Glenn R. Luecke, Ying Li and Martin Cuma
The purpose of this paper is to evaluate how to use nodes in a cluster efficiently by studying the NAS Parallel Benchmarks (NASPB) on Intel Xeon and AMD Opteron dual CPU Linux…
Abstract
Purpose
The purpose of this paper is to evaluate how to use nodes in a cluster efficiently by studying the NAS Parallel Benchmarks (NASPB) on Intel Xeon and AMD Opteron dual CPU Linux clusters.

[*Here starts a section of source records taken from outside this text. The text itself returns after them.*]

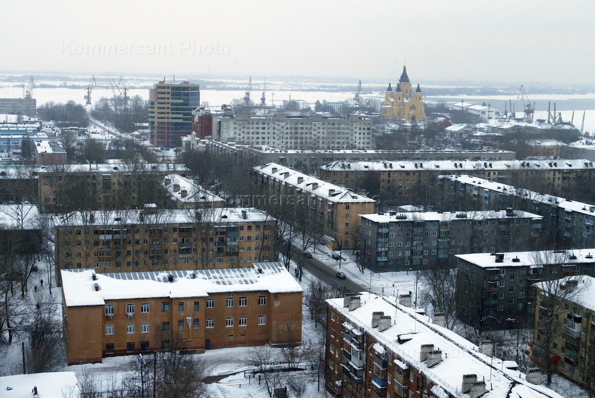 Виды города с крыши высотного дома. Жилые кварталы Канавинского района и храм Александра Невского на…
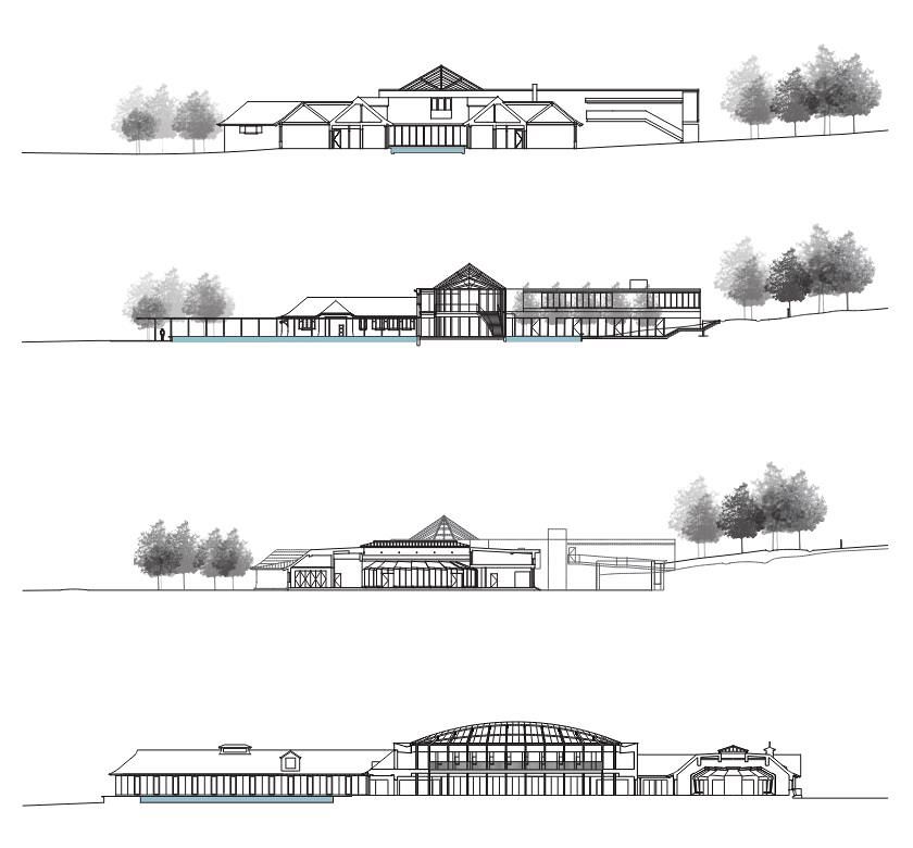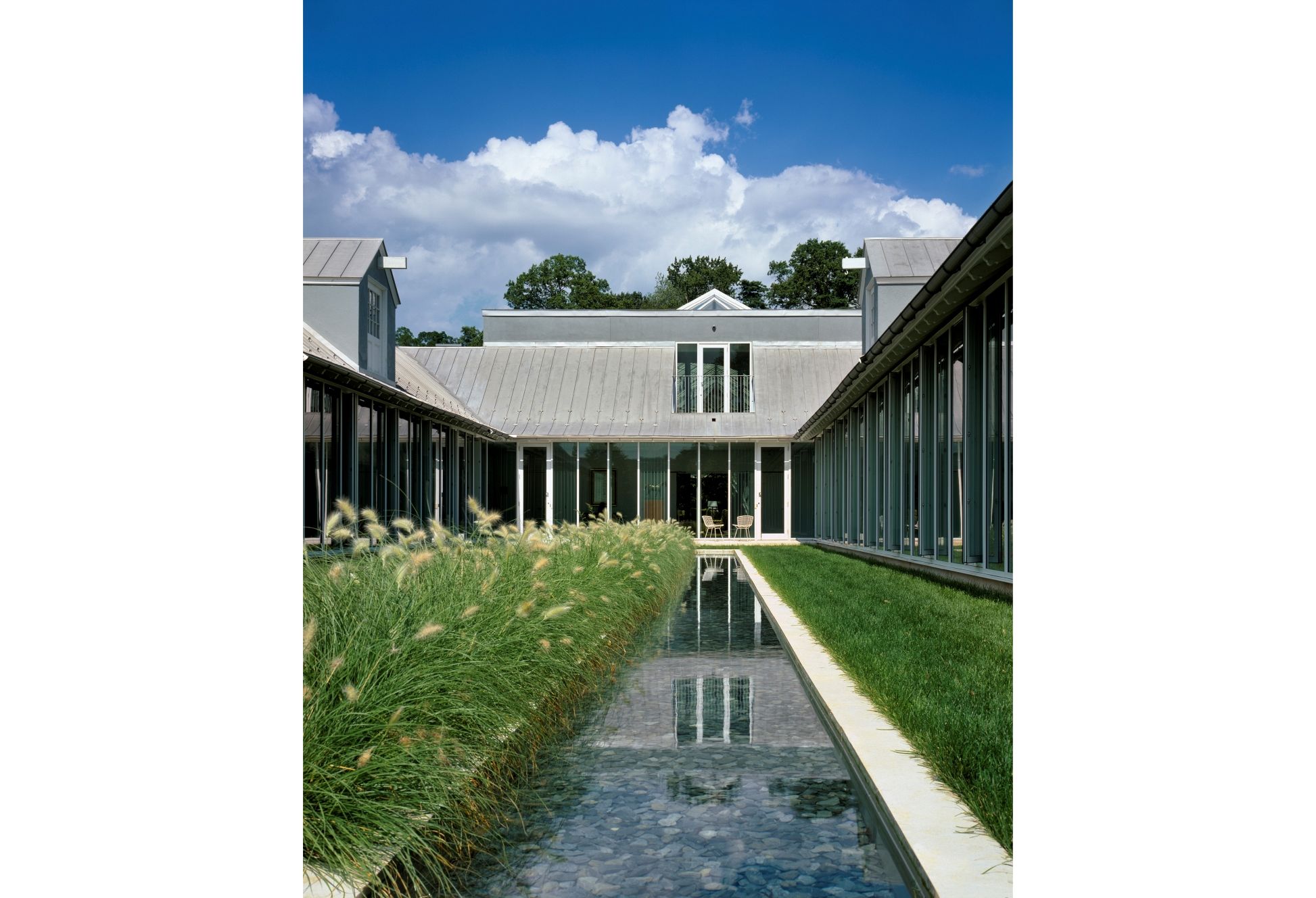 The north-south landscape is defined by an unbounded linear organization of water, trees, crushed stone, and flowering ground cover. A linear reflecting pool at the north end provides a formal environment for arrival; a more informal setting of water, trees, and outdoor seating defines the south garden. The east-west landscape links the renovated garage and stables, capturing residual exterior spaces and turning them into cultivated gardens.
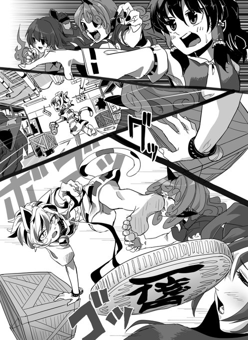 格好いいミケちゃんを描きたかった(2P) #東方Project #博麗霊夢 #豪徳寺ミケ #高麗野あうん #依神紫苑
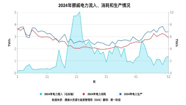 根据挪威水资源与能源管理局(NVE)的数据,2022年,挪威的电力过剩量为12.5太瓦时(TWh)。在2024年中,除年初少数几周,绝大多数时间中挪威电力供大于求。
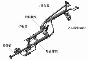 低溫鶴管主要由入口旋轉(zhuǎn)部裝、內(nèi)臂部裝、外臂部裝、外伸臂、平衡器、旋轉(zhuǎn)接頭及附件組成(見(jiàn)圖1)。旋轉(zhuǎn)接頭是實(shí)現(xiàn)低溫鶴管運(yùn)動(dòng)旋轉(zhuǎn)的關(guān)鍵核心部件;入口旋轉(zhuǎn)部裝直接與撬裝管道相連接,是運(yùn)輸介質(zhì)的入口通道;外伸臂則直接與汽車(chē)槽車(chē)的儲(chǔ)罐相連,構(gòu)成運(yùn)輸介質(zhì)的出口通道;內(nèi)臂部裝與撬裝框架連接,是低溫鶴管左右旋轉(zhuǎn)運(yùn)動(dòng)的關(guān)鍵部件;平衡器主要起到平衡外臂及外伸臂轉(zhuǎn)動(dòng)力矩的作用,主要有配重式、彈簧缸、氣缸式等多種樣式,其中以配重式和彈簧缸式較為常見(jiàn)。
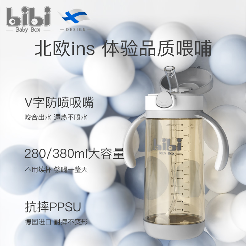 Finnish bibi children PPSU straw type learning cup bottle big baby out of the portable drinking cup drinking milk leak-proof
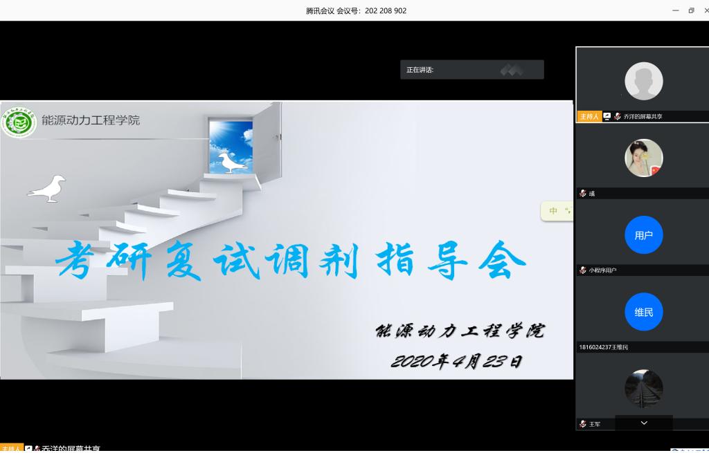 为确保2020届毕业生升学工作顺利进行,同时精准服务到每一名需要考研复试的毕业生,2020年4月23日下午,能源动力工程学院召开考研复试调剂线上指导会。学院院长刘汉涛、院党委副书记兼副院长任雁、科研与学科发展科科长王军,以及60余名同学参加了此次会议。

Design/methodology/approach
The performance results of the NASPB are presented both with one MPI process per node (1 ppn) and with two MPI processes per node (2 ppn). These benchmark results were analyzed by considering the impact of cache effects, code scalability, memory bandwidth within nodes, and the impact of MPI and the MPI communication network. Memory bandwidth was benchmarked using MPI versions of the Streams benchmarks. The impact of MPI and the MPI communication network are evaluated by benchmarking the performance of MPI sends and receives, MPI broadcast, and the MPI all‐to‐all routines.
Findings
The performance results from running the NASPB and from the memory bandwidth benchmarks show that better performance can sometimes be achieved using 1 ppn. Performance results show that the AMD Opteron/Myrinet cluster is able to achieve significantly better utilization of the second processor than the Intel Xeon/Myrinet cluster.
Practical implications
Most Linux clusters are purchased with two processors per node. One would like to run all applications on a cluster with two processors per node using 2 ppn instead of 1 ppn in order to utilize the second processor on each node. However, our results show that this is not always the best choice. Users should always assess their program performance with both 1 ppn and 2 ppn before running production calculations. This issue becomes even more important with the emergence of multi‐core processors.
Originality/value
To the authors' best knowledge, this is the only detailed comparison of AMD Opteron and Intel Xeon dual processor node parallel performance on large Myrinet clusters. The paper should be of value to everybody considering running on or purchasing AMD or Intel‐based Linux cluster.